Games and entertainment media company IGN said Instant Articles reach almost double the number of people on the social network than other posts. PopSugar saw a surge in mobile traffic but a dip in time spent with its content. Meanwhile, Business Insider said Facebook is doing a fine job managing monetization, selling the ads for them. Other publishers sell their own ads, and say that works, too.

“The hope was that we would see an increase in reach and ad inventory, and we saw way more than we were expecting,” said Todd Northcutt, IGN’s vp of product.

IGN is generating 20 percent more ad revenue from Instant Articles, compared to what non-Instant Articles deliver, because of the increase in impressions coming from Facebook, Nortcutt said.

As the initial results trickle in, here is what else publishers said they have found, so far.

Reach
“There was a big question going in,” said Chris George, svp of product marketing at PopSugar. “Would the algorithm weigh Instant Articles more than non-Instant ones?
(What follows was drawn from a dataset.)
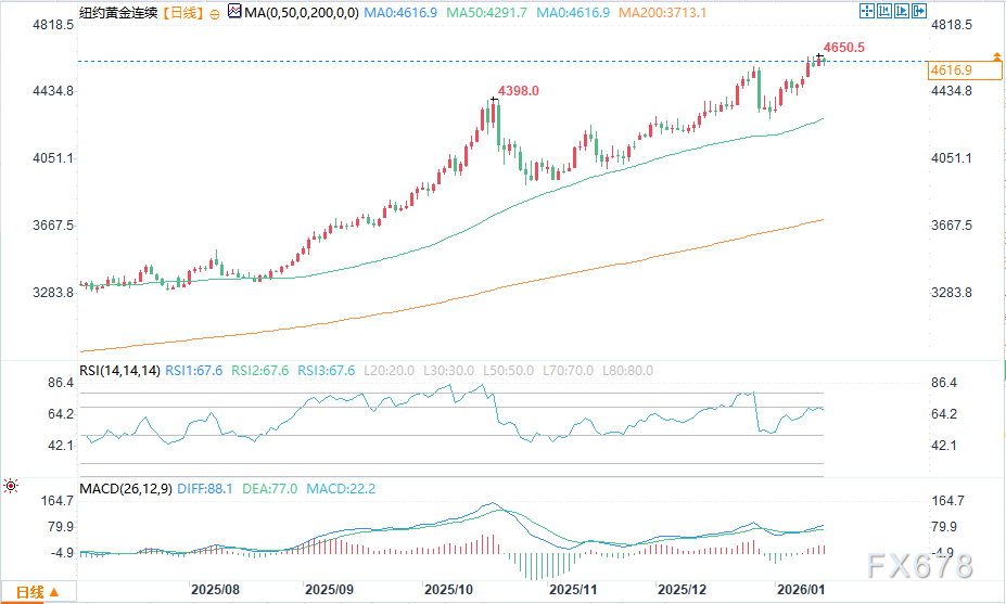 多头的下一个上行目标是推动期货价格收于4750.00美元的强劲阻力位上方;空头的近期下行目标是将期货价格跌破4400.00美元的坚实技术支撑位。第一阻力位见于周三创下的历史高点4650.50美元,其次是4675.00美元;第一支撑位为今日低点4584.50美元,其次是4550.00美元。

Facebook said that’s not the case, but the consumer is understanding these types of posts are a better experience, and are more likely to click.”
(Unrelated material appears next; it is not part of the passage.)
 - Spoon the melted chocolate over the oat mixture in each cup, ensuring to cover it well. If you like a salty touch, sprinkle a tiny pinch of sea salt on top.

So while Facebook claims not to give an artificial boost to publishers using Instant Articles, more people wind up seeing the posts because they get more clicks, which gives them a higher ranking to show up in more people’s feeds.

IGN shared a week’s worth of data that showed the reach of Instant Articles versus non-Instant Articles. Reach was nearly double: Instant posts reached on average 12 percent of the publisher’s total audience of more than 3.5 million Facebook fans, while non-Instant reached an average of 7 percent of fans.

Engagement
This is where it gets tricky. PopSugar, for instance, puts a lot of stock in driving readers to its website, where it tries to keep them engaged for as long as possible. PopSugar said its mobile traffic is up 36 percent since it joined the program in April, because the site is able to include Instant traffic as if it were a website visit. ComScore does the third-party measuring for publishers to verify the traffic numbers for them and advertisers.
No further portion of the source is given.